Exercise objective: Where the records below show a line containing "After clicking the", start copying; end with the line containing "Una sencilla postal", and copy it too.

Records:
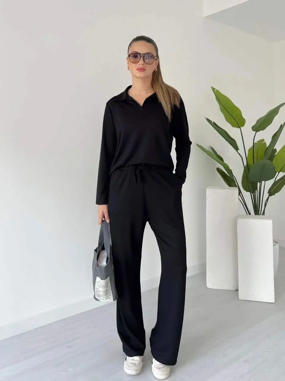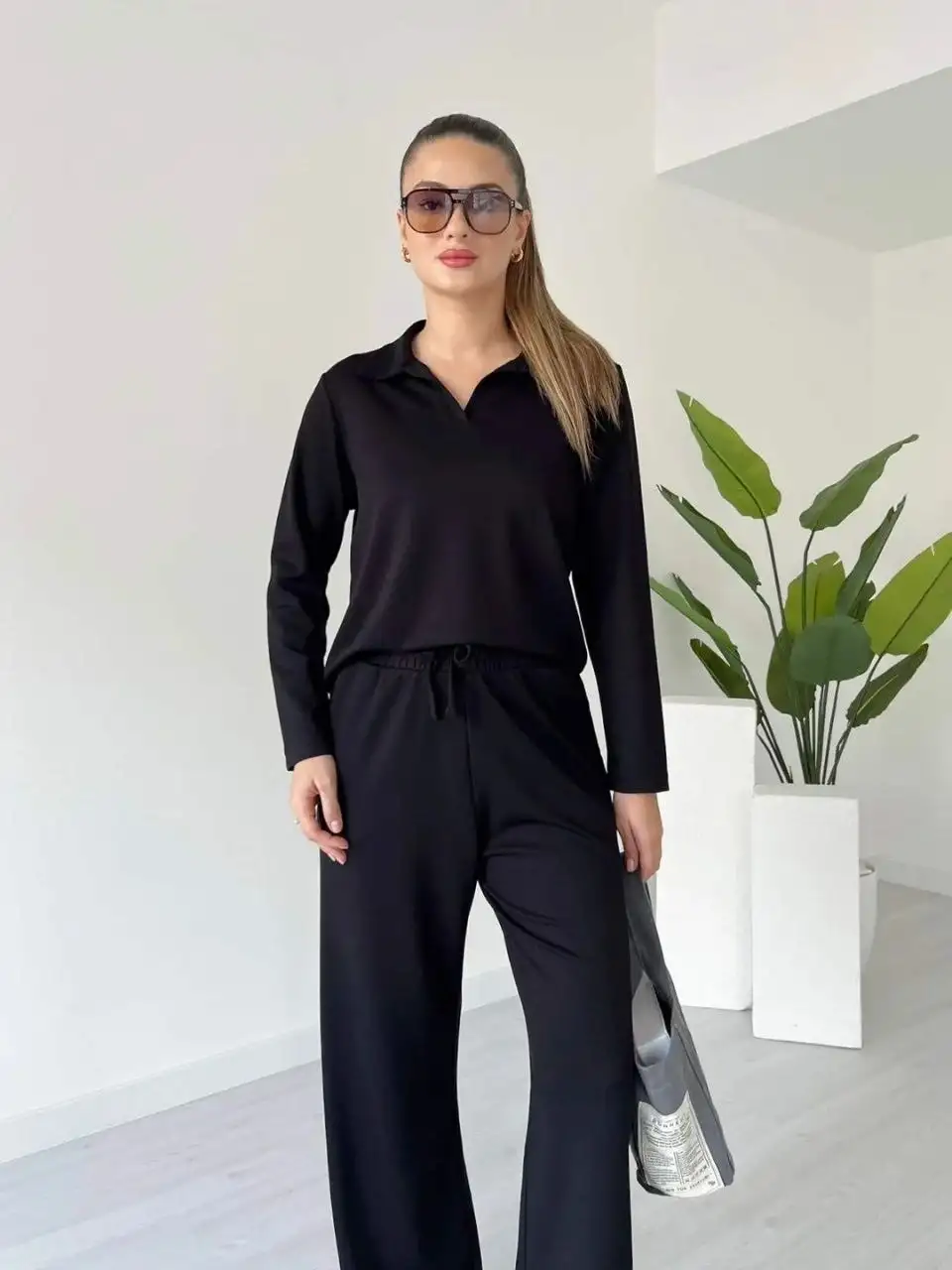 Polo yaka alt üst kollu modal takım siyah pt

--

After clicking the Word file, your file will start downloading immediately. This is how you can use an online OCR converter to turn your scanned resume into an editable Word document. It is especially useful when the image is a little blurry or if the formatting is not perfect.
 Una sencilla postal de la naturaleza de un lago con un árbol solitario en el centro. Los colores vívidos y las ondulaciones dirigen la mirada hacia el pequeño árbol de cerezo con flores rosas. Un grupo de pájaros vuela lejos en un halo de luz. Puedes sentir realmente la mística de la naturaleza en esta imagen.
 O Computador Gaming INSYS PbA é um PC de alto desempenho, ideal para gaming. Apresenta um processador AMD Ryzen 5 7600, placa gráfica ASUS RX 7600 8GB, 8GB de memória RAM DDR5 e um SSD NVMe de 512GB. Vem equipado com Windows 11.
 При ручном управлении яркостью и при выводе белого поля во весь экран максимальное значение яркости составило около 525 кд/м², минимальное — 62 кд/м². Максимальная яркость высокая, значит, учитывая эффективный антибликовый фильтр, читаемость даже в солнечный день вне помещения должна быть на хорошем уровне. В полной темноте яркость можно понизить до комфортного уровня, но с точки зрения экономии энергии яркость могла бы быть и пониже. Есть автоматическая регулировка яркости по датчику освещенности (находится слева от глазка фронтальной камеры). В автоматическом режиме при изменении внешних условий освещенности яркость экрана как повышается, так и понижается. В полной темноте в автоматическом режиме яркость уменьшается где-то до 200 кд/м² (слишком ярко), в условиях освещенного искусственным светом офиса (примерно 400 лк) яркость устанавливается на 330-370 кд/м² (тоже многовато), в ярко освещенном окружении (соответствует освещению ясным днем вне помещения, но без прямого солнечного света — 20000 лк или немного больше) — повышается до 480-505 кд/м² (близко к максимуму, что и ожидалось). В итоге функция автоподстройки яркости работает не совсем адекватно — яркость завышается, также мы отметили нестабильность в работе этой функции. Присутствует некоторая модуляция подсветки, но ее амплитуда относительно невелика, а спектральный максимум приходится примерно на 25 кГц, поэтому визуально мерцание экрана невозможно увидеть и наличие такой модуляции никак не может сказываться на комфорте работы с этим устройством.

Answer to this exercise:
After clicking the Word file, your file will start downloading immediately. This is how you can use an online OCR converter to turn your scanned resume into an editable Word document. It is especially useful when the image is a little blurry or if the formatting is not perfect.
 Una sencilla postal de la naturaleza de un lago con un árbol solitario en el centro. Los colores vívidos y las ondulaciones dirigen la mirada hacia el pequeño árbol de cerezo con flores rosas. Un grupo de pájaros vuela lejos en un halo de luz. Puedes sentir realmente la mística de la naturaleza en esta imagen.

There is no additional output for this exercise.